Problem to work on:
Reproduce the lines below exactly, from the one containing "画条路快跑是一款魔性休闲的跑" through the one containing "Yes, go to I2a", both included. Leave out any pictures.

Data under study:
- - -
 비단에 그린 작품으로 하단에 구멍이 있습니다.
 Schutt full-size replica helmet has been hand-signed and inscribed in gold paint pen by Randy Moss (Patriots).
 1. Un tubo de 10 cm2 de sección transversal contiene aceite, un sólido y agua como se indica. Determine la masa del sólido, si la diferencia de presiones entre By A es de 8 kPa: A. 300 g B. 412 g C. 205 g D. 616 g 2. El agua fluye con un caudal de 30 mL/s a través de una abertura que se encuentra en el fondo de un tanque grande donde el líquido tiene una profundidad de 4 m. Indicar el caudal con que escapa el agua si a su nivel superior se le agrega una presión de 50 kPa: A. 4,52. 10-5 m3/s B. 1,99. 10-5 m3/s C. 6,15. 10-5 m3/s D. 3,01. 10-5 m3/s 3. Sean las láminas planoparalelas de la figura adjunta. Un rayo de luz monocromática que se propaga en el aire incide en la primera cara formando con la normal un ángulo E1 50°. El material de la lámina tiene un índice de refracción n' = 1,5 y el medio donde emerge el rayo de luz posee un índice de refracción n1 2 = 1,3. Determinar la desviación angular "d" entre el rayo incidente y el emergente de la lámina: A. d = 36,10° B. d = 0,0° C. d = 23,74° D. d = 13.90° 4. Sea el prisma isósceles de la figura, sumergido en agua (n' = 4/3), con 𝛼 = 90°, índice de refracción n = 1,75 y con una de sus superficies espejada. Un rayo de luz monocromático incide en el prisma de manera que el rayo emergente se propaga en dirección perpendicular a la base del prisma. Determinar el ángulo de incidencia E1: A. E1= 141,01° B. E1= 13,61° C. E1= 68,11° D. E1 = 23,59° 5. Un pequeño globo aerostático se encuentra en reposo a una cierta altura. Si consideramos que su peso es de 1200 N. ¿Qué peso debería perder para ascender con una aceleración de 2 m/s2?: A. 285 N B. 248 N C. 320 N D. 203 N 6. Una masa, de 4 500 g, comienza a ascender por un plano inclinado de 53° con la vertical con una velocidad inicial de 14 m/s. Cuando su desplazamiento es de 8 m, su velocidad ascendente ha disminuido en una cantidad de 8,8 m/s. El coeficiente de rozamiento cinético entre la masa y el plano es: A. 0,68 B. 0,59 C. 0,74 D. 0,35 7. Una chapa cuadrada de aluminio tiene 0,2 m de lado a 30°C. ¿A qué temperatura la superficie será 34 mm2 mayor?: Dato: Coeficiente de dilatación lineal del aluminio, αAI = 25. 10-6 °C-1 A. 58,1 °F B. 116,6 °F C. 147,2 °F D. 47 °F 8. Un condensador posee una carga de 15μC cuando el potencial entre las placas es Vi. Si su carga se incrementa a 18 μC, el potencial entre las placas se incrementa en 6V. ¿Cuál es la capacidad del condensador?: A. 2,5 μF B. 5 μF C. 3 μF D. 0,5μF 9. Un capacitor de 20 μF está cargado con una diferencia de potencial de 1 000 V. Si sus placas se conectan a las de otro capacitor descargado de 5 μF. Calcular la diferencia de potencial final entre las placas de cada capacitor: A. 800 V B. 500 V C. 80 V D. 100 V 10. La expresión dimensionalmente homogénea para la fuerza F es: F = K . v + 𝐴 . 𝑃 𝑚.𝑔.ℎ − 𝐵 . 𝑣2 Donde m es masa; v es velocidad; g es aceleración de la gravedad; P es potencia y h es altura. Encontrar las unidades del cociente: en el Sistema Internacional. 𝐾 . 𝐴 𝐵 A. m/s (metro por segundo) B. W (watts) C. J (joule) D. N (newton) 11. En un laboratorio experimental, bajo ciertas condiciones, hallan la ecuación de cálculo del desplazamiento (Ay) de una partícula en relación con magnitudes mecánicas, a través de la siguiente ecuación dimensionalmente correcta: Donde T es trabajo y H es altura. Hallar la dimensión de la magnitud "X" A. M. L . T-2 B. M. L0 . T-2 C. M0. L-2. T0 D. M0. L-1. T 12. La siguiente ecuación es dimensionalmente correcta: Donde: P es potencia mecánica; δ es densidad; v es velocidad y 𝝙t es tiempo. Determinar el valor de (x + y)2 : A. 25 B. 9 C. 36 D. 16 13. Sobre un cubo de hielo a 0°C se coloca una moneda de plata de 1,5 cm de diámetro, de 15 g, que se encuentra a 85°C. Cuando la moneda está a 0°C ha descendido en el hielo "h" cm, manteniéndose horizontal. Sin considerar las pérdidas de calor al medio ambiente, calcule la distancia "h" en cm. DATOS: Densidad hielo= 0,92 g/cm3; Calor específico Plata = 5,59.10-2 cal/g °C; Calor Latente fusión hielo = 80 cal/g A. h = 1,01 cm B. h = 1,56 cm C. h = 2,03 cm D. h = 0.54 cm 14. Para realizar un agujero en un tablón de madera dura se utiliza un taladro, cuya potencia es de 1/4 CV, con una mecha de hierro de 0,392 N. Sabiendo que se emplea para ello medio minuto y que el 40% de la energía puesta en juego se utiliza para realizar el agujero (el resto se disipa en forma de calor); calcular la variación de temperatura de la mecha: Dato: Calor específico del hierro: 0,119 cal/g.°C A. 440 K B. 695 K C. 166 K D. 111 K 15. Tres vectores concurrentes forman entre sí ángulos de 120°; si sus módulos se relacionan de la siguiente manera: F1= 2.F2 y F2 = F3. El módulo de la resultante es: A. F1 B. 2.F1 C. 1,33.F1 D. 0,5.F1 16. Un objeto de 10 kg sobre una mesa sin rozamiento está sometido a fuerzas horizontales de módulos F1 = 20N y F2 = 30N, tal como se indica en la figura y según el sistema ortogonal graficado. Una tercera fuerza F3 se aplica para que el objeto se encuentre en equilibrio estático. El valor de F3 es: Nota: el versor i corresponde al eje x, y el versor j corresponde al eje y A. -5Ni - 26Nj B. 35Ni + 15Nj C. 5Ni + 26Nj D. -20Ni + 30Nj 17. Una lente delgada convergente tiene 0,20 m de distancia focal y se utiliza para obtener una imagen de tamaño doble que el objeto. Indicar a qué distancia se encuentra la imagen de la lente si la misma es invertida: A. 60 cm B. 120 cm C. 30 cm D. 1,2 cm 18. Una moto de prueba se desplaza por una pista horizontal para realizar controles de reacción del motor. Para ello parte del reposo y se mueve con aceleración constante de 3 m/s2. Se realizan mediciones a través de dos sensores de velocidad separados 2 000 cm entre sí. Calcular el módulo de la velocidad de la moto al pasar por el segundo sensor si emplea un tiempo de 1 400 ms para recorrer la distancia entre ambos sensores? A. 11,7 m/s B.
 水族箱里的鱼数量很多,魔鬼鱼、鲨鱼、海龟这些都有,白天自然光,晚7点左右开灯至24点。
- - -
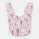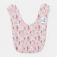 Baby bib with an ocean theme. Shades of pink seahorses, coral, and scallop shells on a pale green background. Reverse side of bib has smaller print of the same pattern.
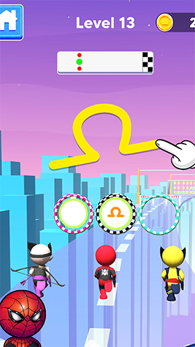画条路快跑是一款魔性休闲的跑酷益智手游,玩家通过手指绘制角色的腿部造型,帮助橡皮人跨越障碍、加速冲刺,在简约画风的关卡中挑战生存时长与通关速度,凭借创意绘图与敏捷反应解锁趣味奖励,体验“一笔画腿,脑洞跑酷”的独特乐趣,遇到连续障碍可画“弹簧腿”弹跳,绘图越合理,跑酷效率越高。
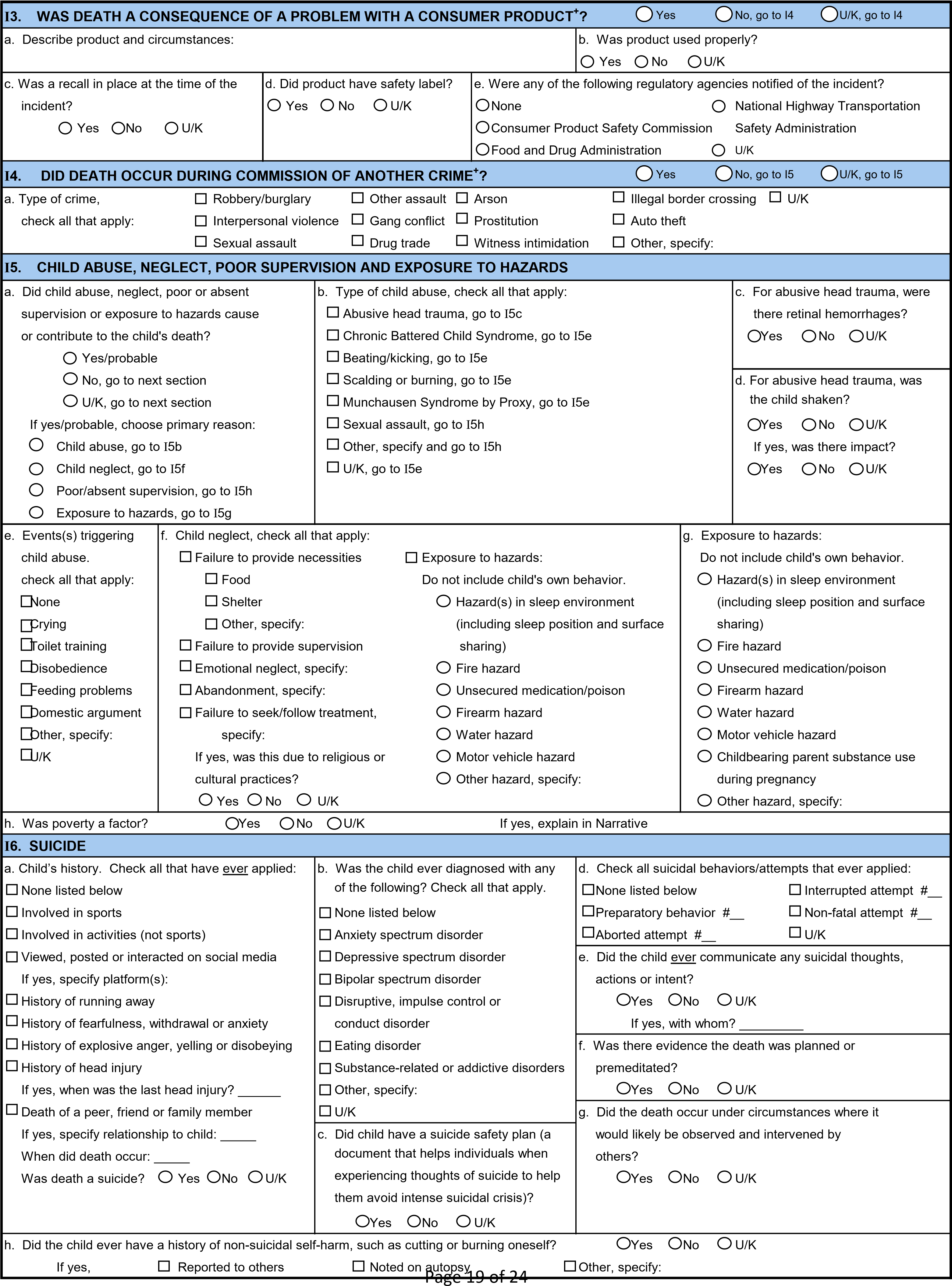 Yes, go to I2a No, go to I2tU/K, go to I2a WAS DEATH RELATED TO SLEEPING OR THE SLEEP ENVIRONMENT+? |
- - -
Written response:
画条路快跑是一款魔性休闲的跑酷益智手游,玩家通过手指绘制角色的腿部造型,帮助橡皮人跨越障碍、加速冲刺,在简约画风的关卡中挑战生存时长与通关速度,凭借创意绘图与敏捷反应解锁趣味奖励,体验“一笔画腿,脑洞跑酷”的独特乐趣,遇到连续障碍可画“弹簧腿”弹跳,绘图越合理,跑酷效率越高。
 Yes, go to I2a No, go to I2tU/K, go to I2a WAS DEATH RELATED TO SLEEPING OR THE SLEEP ENVIRONMENT+? |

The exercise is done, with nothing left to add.